* **WORK ORDER**
The reply should hold only the lines below beginning at the one with "拟资助2021年度佛山市" and ending at the one with "Veículos provenientes da", copied exactly, with every picture left out.

* **STORED DATA**
# # # #
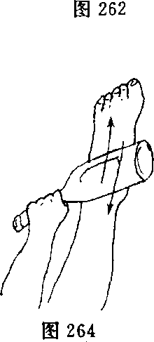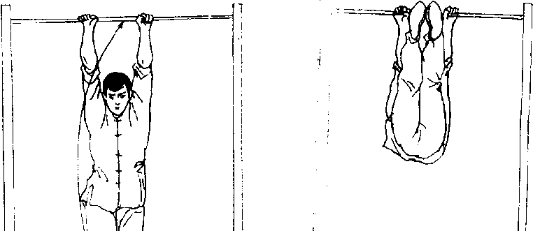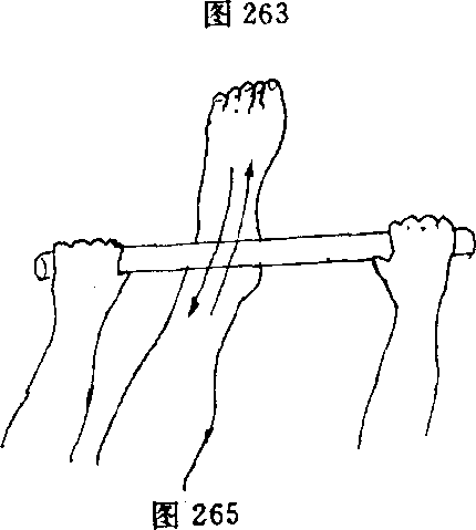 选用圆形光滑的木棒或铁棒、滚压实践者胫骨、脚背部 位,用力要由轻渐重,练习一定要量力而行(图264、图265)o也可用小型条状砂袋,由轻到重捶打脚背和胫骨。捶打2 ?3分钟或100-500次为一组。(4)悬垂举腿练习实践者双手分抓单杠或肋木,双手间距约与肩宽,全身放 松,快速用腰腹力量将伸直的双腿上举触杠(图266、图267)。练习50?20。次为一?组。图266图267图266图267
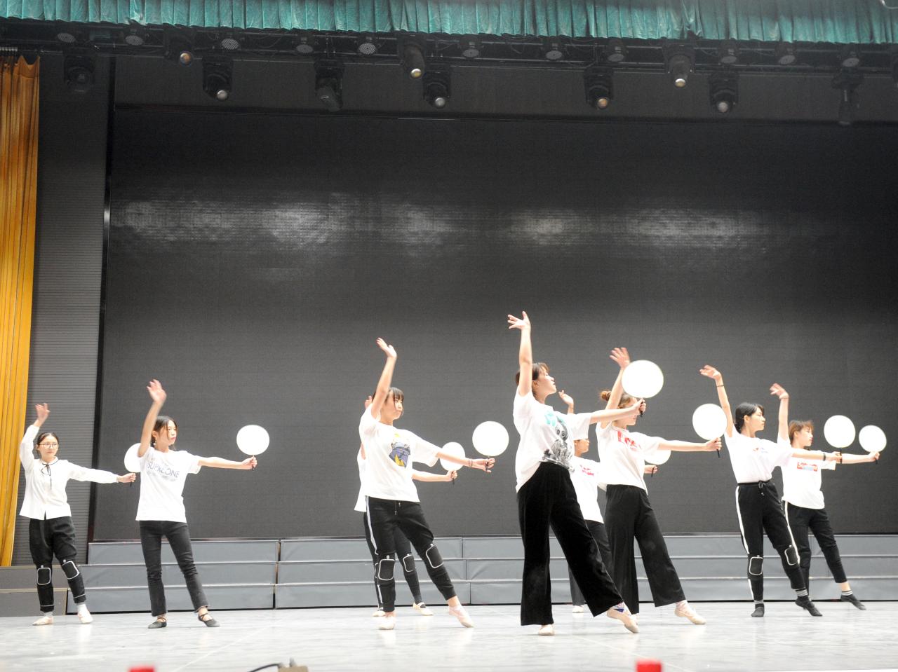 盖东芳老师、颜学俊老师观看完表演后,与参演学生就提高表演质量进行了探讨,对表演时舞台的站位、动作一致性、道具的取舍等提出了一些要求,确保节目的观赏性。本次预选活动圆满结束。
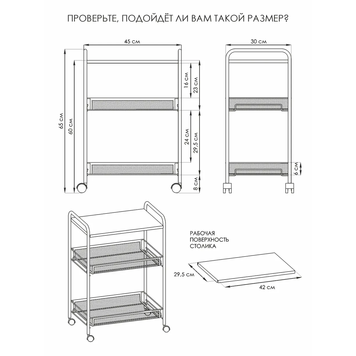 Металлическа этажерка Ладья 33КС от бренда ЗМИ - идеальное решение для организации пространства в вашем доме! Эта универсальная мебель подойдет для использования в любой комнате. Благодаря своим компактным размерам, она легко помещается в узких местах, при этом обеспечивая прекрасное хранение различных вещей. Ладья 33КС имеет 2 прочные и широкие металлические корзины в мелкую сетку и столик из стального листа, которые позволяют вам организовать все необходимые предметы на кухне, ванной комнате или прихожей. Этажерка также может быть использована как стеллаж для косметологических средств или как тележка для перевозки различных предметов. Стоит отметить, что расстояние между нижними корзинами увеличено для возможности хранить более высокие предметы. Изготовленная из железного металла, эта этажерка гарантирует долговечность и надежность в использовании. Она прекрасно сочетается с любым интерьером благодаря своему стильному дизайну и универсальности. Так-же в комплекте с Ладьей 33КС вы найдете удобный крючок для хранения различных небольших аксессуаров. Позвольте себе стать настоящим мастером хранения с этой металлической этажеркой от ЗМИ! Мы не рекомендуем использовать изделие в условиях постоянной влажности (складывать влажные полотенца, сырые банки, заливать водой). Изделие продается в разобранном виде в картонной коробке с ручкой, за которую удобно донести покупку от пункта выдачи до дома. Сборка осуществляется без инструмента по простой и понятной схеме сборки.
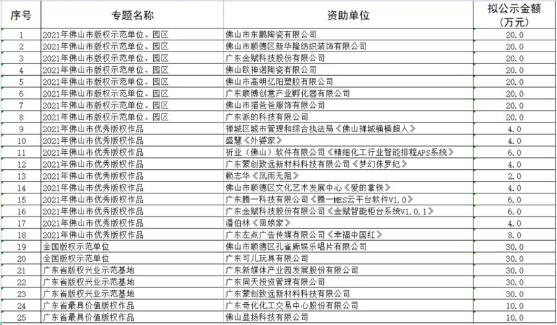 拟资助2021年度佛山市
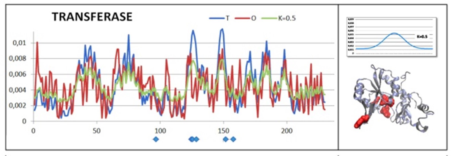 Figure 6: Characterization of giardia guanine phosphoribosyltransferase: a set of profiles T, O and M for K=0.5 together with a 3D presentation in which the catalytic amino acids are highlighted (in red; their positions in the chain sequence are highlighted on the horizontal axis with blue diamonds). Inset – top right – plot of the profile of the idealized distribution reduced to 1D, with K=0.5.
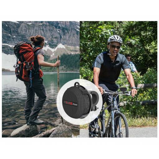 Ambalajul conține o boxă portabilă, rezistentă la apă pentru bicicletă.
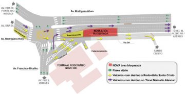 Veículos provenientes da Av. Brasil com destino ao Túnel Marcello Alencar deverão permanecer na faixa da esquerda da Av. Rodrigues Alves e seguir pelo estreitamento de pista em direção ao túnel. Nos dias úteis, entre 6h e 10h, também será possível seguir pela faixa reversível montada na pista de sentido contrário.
# # # #
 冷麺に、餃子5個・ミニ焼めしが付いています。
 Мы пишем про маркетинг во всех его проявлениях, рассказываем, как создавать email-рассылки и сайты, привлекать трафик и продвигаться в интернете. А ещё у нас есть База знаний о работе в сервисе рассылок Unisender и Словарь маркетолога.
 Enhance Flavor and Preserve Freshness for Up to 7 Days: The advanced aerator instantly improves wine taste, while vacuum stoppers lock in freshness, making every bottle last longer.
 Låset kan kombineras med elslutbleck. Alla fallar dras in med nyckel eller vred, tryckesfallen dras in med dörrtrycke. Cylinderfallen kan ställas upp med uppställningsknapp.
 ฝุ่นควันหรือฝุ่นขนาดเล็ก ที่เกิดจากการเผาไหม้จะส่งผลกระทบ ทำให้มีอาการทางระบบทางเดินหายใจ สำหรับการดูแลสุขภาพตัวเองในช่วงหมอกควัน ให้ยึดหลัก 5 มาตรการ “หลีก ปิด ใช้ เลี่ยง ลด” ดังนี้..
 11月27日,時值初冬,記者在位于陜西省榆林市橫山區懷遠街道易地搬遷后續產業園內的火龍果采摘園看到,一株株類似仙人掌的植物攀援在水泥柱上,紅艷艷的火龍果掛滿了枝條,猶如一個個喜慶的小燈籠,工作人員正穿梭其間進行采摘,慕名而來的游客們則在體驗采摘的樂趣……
# # # #
* **RESPONSE TO THIS TASK**
 拟资助2021年度佛山市
 Figure 6: Characterization of giardia guanine phosphoribosyltransferase: a set of profiles T, O and M for K=0.5 together with a 3D presentation in which the catalytic amino acids are highlighted (in red; their positions in the chain sequence are highlighted on the horizontal axis with blue diamonds). Inset – top right – plot of the profile of the idealized distribution reduced to 1D, with K=0.5.
 Ambalajul conține o boxă portabilă, rezistentă la apă pentru bicicletă.
 Veículos provenientes da Av. Brasil com destino ao Túnel Marcello Alencar deverão permanecer na faixa da esquerda da Av. Rodrigues Alves e seguir pelo estreitamento de pista em direção ao túnel. Nos dias úteis, entre 6h e 10h, também será possível seguir pela faixa reversível montada na pista de sentido contrário.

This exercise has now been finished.